◆ EXTRACTED RECORDS:
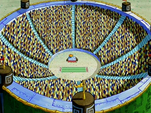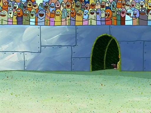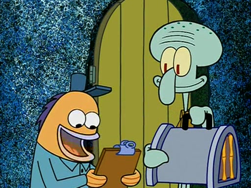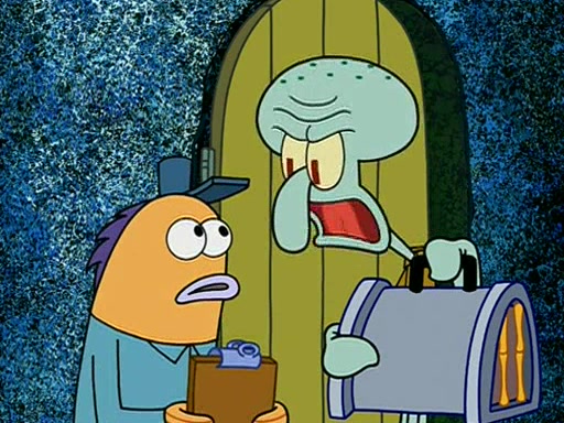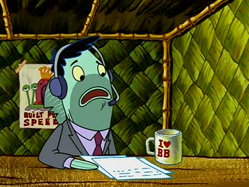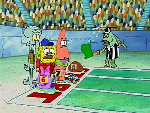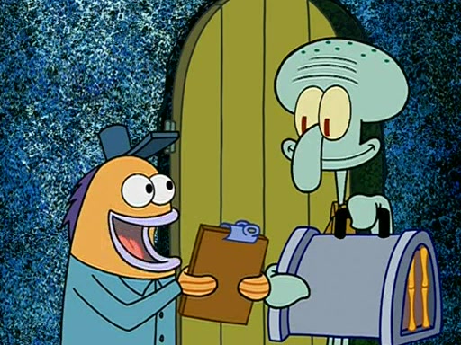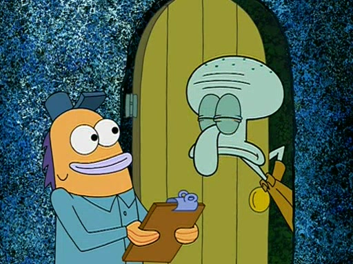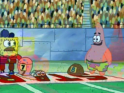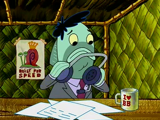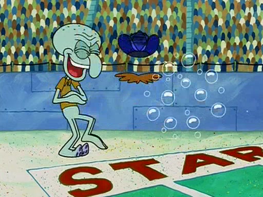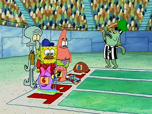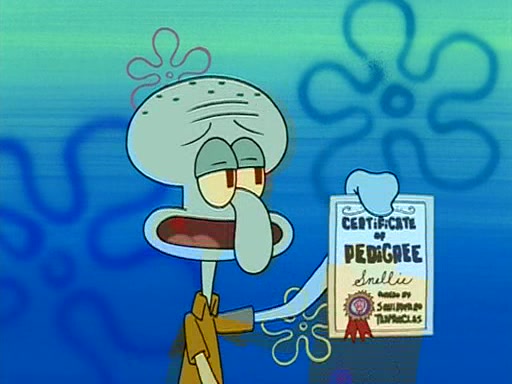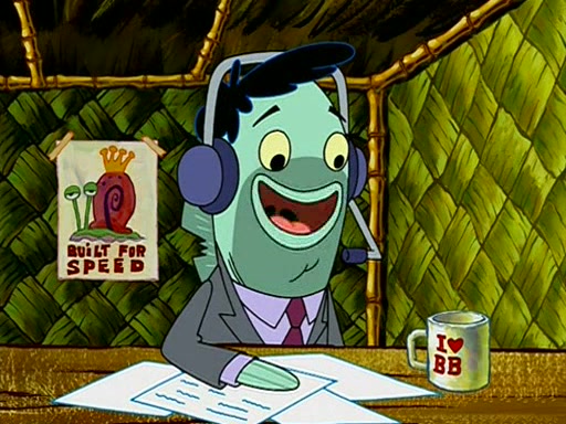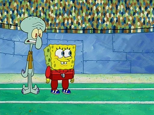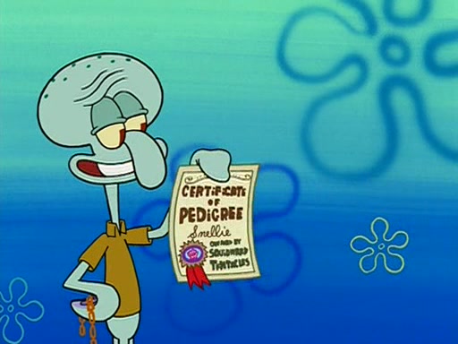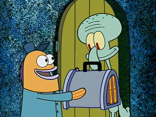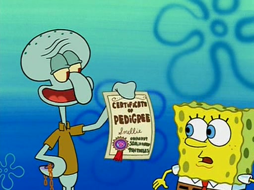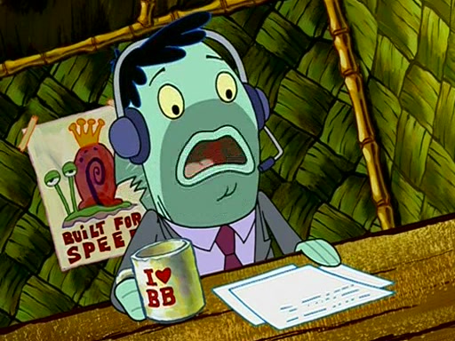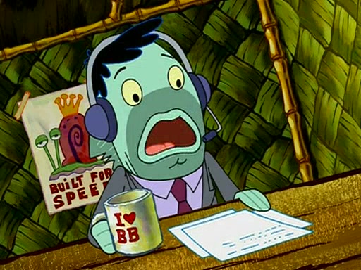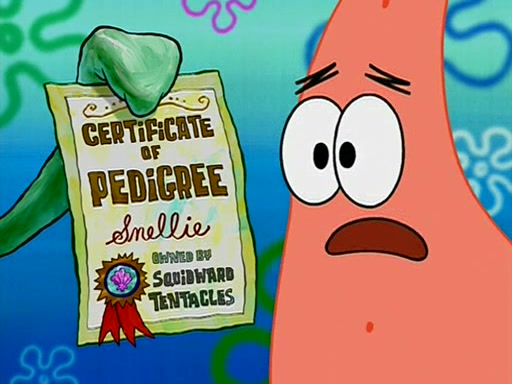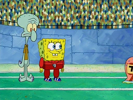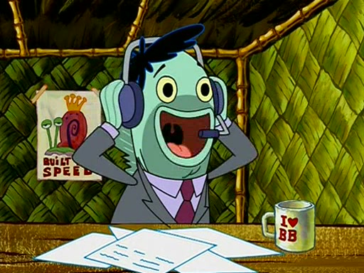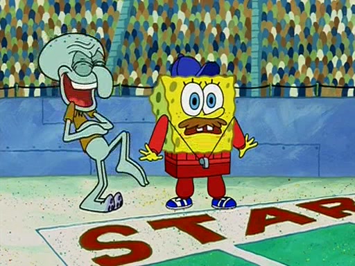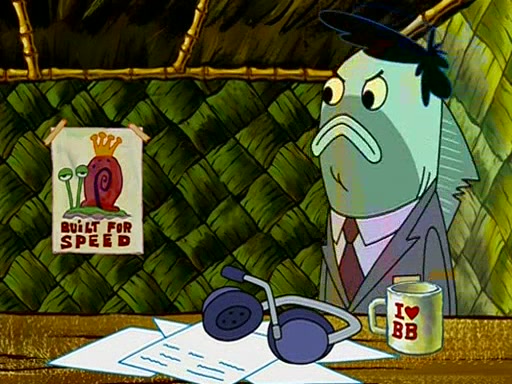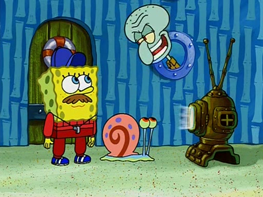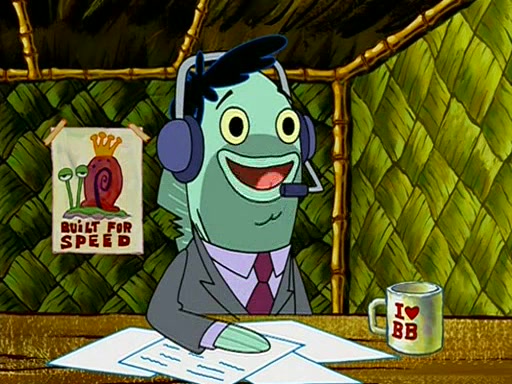 SpongeBob wakes up, as well as waking up Gary. He tells the world he is ready. He sees Squidward getting a package in the mail, with the mailfish erroneously pronouncing his last name as "Tennisballs." SpongeBob questions that Squidward's last name is "Tentacles," and Patrick says poor guy. He opens the cage, which contains a snail named Snellie. Patrick checks out Squidward's new snail. SpongeBob sees this and tells Gary that he has a new little playmate. However, Squidward immediately protests and explains that Snellie is a purebred of the highest pedigree, and that she is going to be entered in the Bikini Bottom Snail Race on Sunday and she will win it. SpongeBob says that he can't enter Gary because Sunday is laundry day. Squidward then tells SpongeBob that he can't enter Gary because Gary is a "mutt," which offends SpongeBob. He asks what makes Squidward think Gary couldn't win. Squidward says the paper. Patrick reads Snellie's pedigree certificate and misreads Squidward's name as "Tentpoles," which makes Squidward angry, yet again. SpongeBob decides to enter Gary into the race. Patrick also decides to enter into the competition. SpongeBob (wearing a play mustache and a coach's outfit) tells Gary to start training now. Sandy is walking and decides to kick SpongeBob's butt tomorrow, but she doesn't know why.
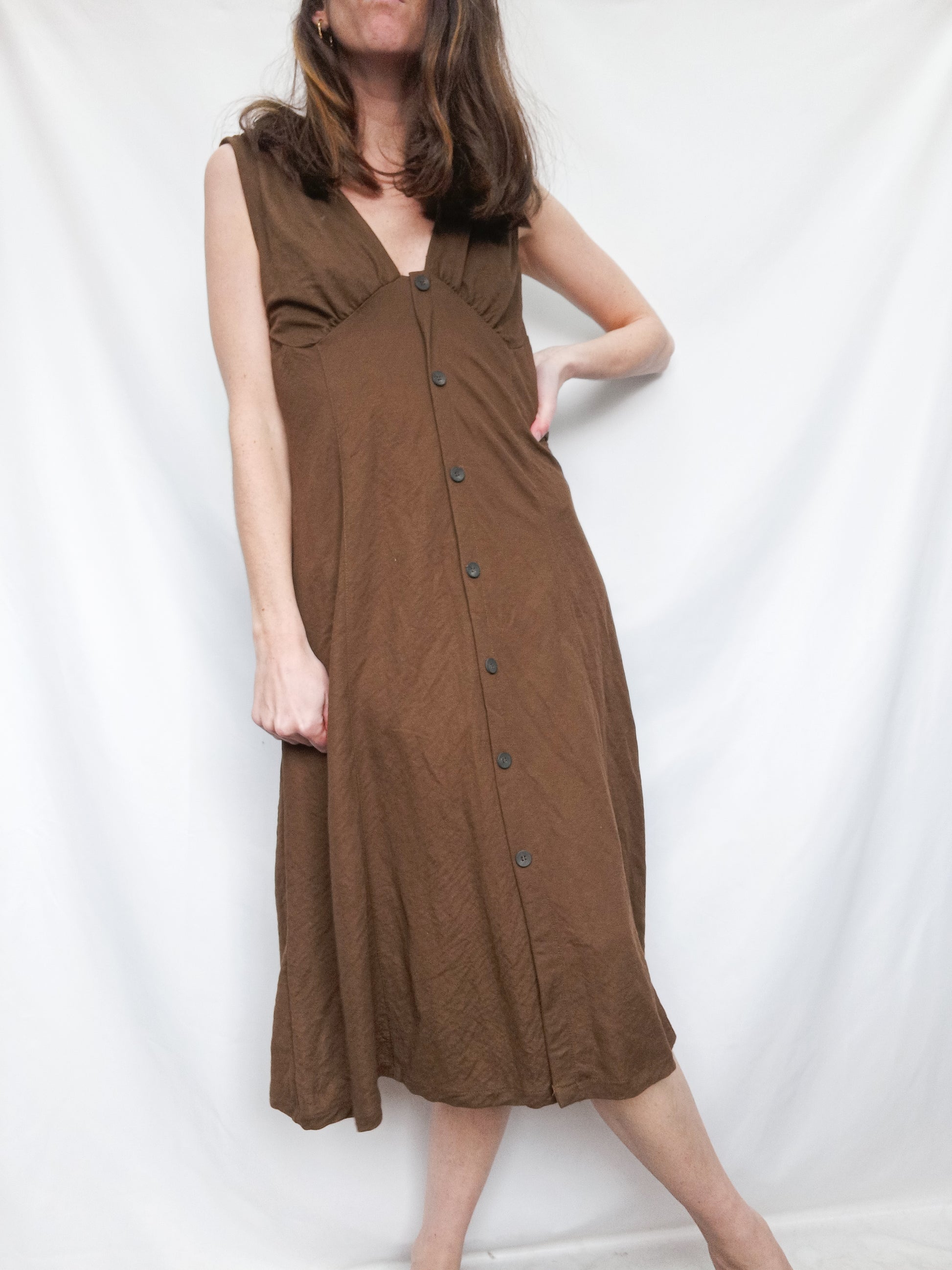 Vestido midi verde abotonado y fluido. Elastico. Largo 104 cm
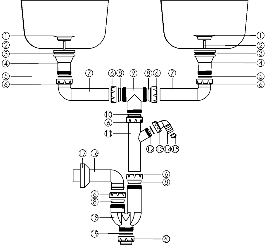 Sifon na dvojitý dřez, bez přepadu.
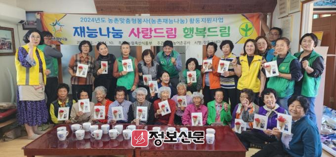 ‘2024 재능드림 사랑드림 행복드림’이라는 주제로 실시된 재능 나눔 봉사는 자원봉사자의 인적, 물적 자원으로 농촌 지역 어르신들의 삶의 질을 향상 시키고 농촌공동체 활성화, 국토균형발전에 기여하기 위하여 실시됐다.
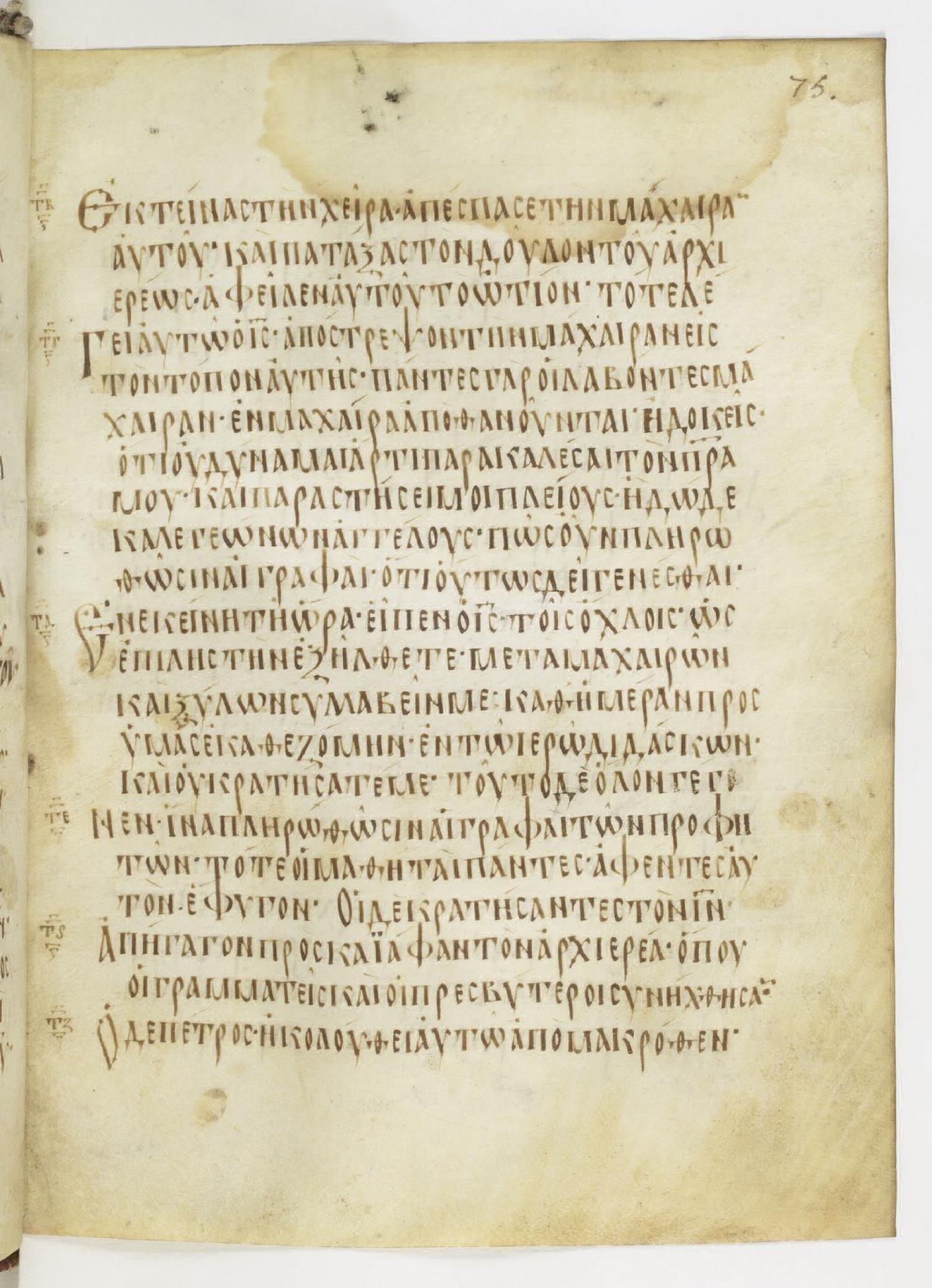 Codex Cyprius is a ninth century manuscript of the Gospels on parchment; 267 leaves, single column, 16–31 lines per column. For recent images, please visit the Bibliothèque Nationale
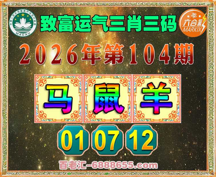 104期:《致富运气》 🏄‍♀️三肖三码🏄‍♀️【鼠羊】【01.07.12】开:马01
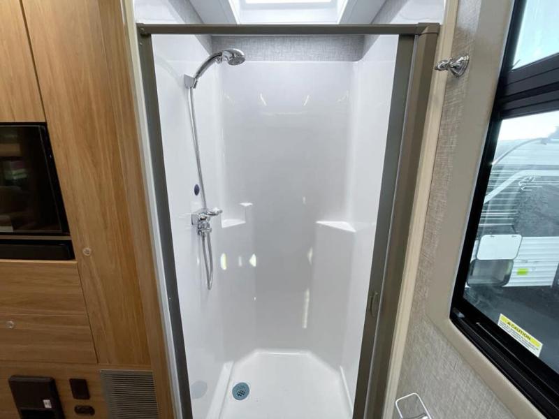 Travel with your favorite person, family, or some friends to see nature along the highways, up close and where ever the road takes you! You will find sleeping space for five with the bunk over the cab, the booth dinette-sleeper, and the versatile queen-size Murphy bed and sofa combo! The rear full bathroom gives you privacy, and the galley kitchen lets you make meals on the two burner cooktop and convection microwave oven. You might like to add a few options to customize your coach such as optional theater seating, or a tri-fold sofa in place of the dinette, a central vacuum system, an overhead entertainment center in place of the bunk, and/or an exterior TV to enjoy under the awning.
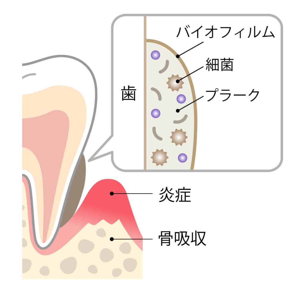 歯周病の原因であるプラーク(歯垢)の中で歯周病菌が増殖し、歯と歯ぐきの間にある歯周ポケットに入り込み毒素を出しながら周囲の歯周組織を破壊していきます。
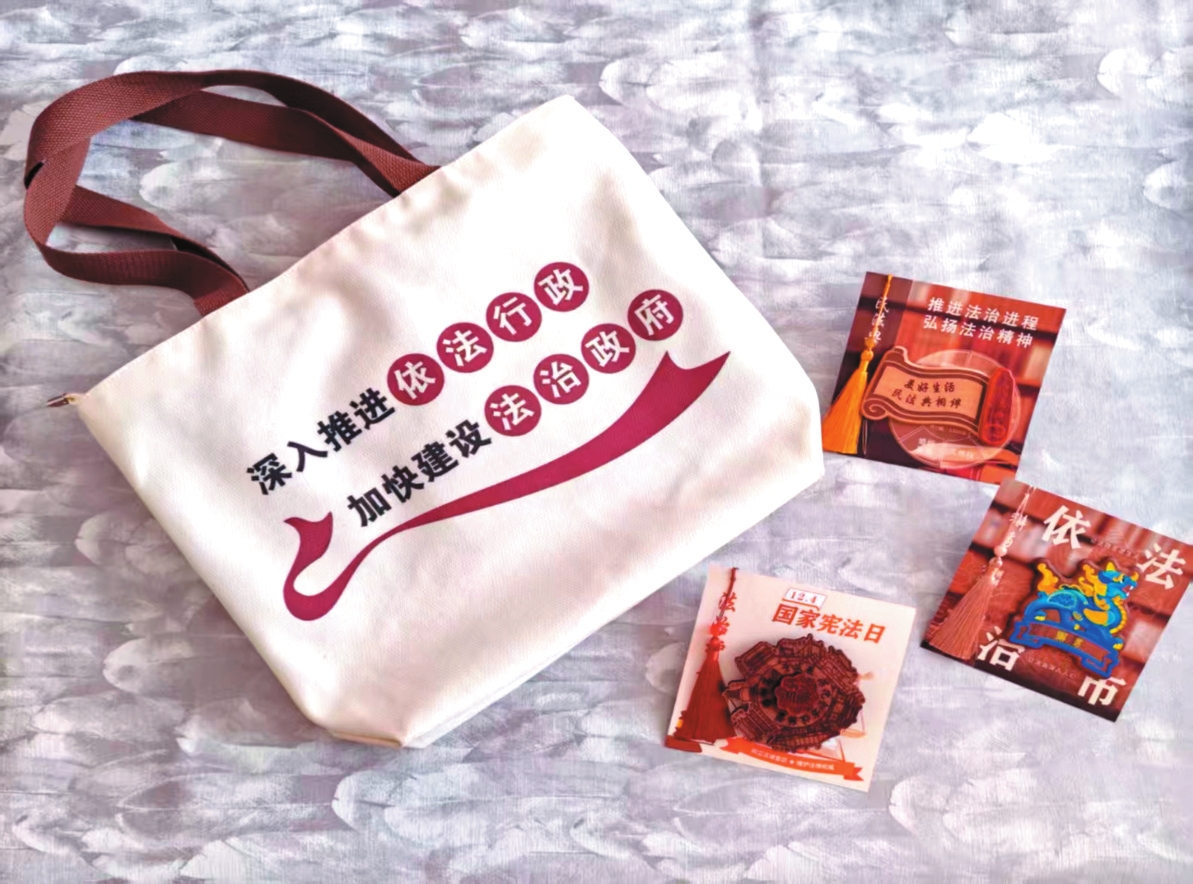 行走的法治與非遺宣傳:帆布包上的流動風(fēng)景線。除木雕冰箱貼外,帆布袋成為“普法+非遺”系列文創(chuàng)產(chǎn)品的一大亮點(diǎn)。雙面印有宣傳圖案,正面“依法行政”“法治政府”主題鮮明,背面則是忻州非遺與景點(diǎn)交織圖,靜樂剪紙、撓羊賽、北路梆子等非遺元素與忻州古城、五臺山等景點(diǎn)相互輝映,構(gòu)成生動文化圖卷,讓群眾沉浸于法治“文化味”與非遺“煙火氣”。
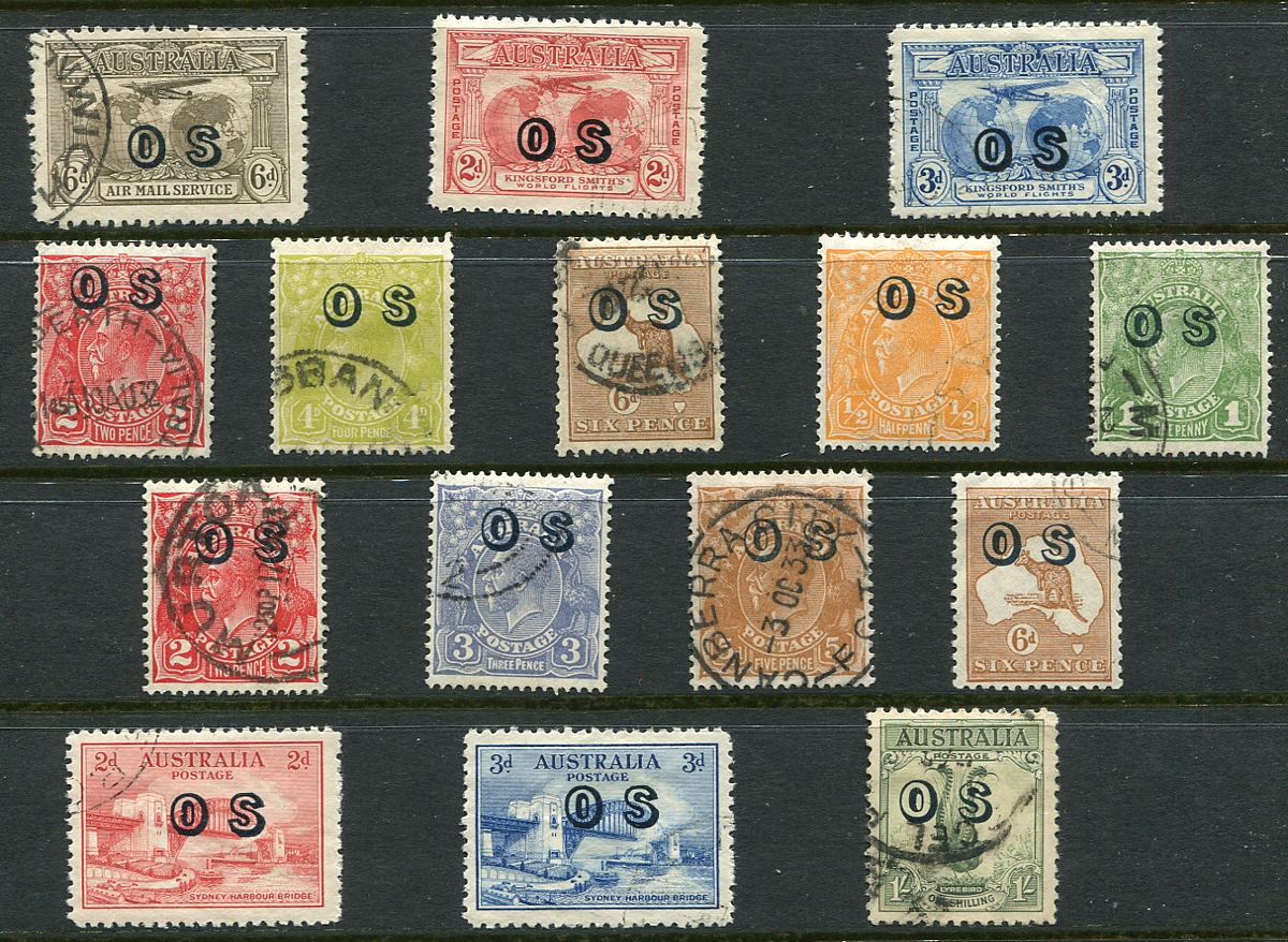 Australia #CO1, O1-O14. Attractive used selection of 1931-1932 Australian Official Stamps, including many better light postmarks. An appealing "back of the book" group. 2026 Scott US$364.25 =

◆ WHAT YOU ARE ASKED TO DO: Set down again, word for word, every line from the one with "歯周病の原因であるプラーク(歯垢)の中で" to the one with "行走的法治與非遺宣傳:帆布包" in the entries above, and omit the pictures.

◆ ANSWER SECTION:
 歯周病の原因であるプラーク(歯垢)の中で歯周病菌が増殖し、歯と歯ぐきの間にある歯周ポケットに入り込み毒素を出しながら周囲の歯周組織を破壊していきます。
 行走的法治與非遺宣傳:帆布包上的流動風(fēng)景線。除木雕冰箱貼外,帆布袋成為“普法+非遺”系列文創(chuàng)產(chǎn)品的一大亮點(diǎn)。雙面印有宣傳圖案,正面“依法行政”“法治政府”主題鮮明,背面則是忻州非遺與景點(diǎn)交織圖,靜樂剪紙、撓羊賽、北路梆子等非遺元素與忻州古城、五臺山等景點(diǎn)相互輝映,構(gòu)成生動文化圖卷,讓群眾沉浸于法治“文化味”與非遺“煙火氣”。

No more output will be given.